[Records excerpted from a collection]

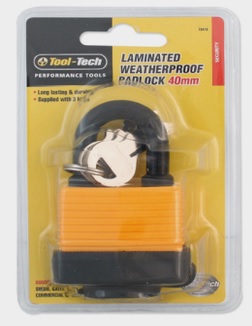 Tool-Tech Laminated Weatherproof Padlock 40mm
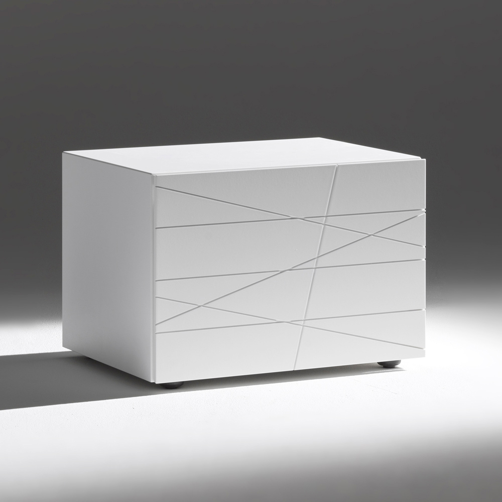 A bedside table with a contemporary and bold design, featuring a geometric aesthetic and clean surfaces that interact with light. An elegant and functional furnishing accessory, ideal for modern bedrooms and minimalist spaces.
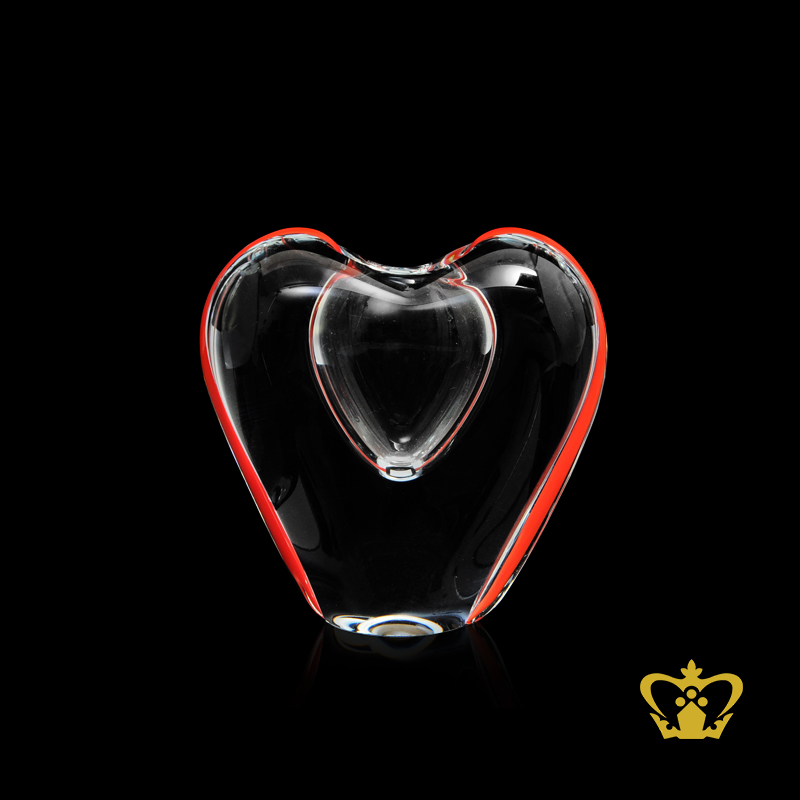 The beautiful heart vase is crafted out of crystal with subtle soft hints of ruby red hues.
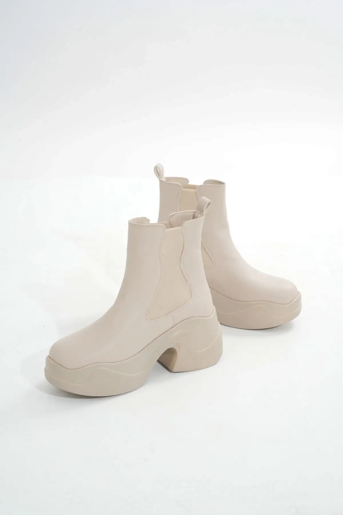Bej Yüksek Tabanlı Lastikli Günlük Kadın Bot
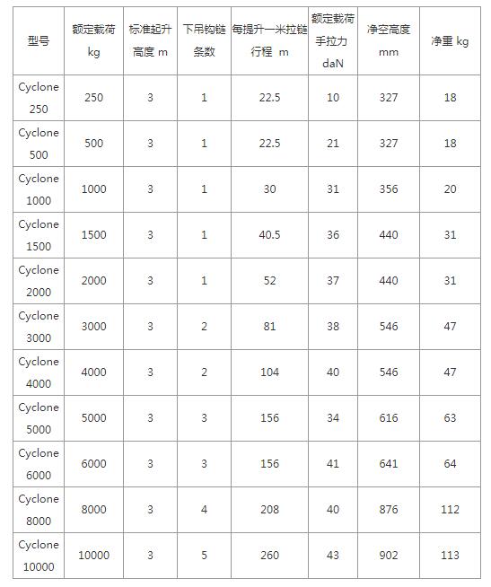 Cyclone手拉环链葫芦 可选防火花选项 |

> **What needs to be done**
Go back to the records above and write them out exactly, without the pictures.

> **Problem solution**
 Tool-Tech Laminated Weatherproof Padlock 40mm
 A bedside table with a contemporary and bold design, featuring a geometric aesthetic and clean surfaces that interact with light. An elegant and functional furnishing accessory, ideal for modern bedrooms and minimalist spaces.
 The beautiful heart vase is crafted out of crystal with subtle soft hints of ruby red hues.
Bej Yüksek Tabanlı Lastikli Günlük Kadın Bot
 Cyclone手拉环链葫芦 可选防火花选项 |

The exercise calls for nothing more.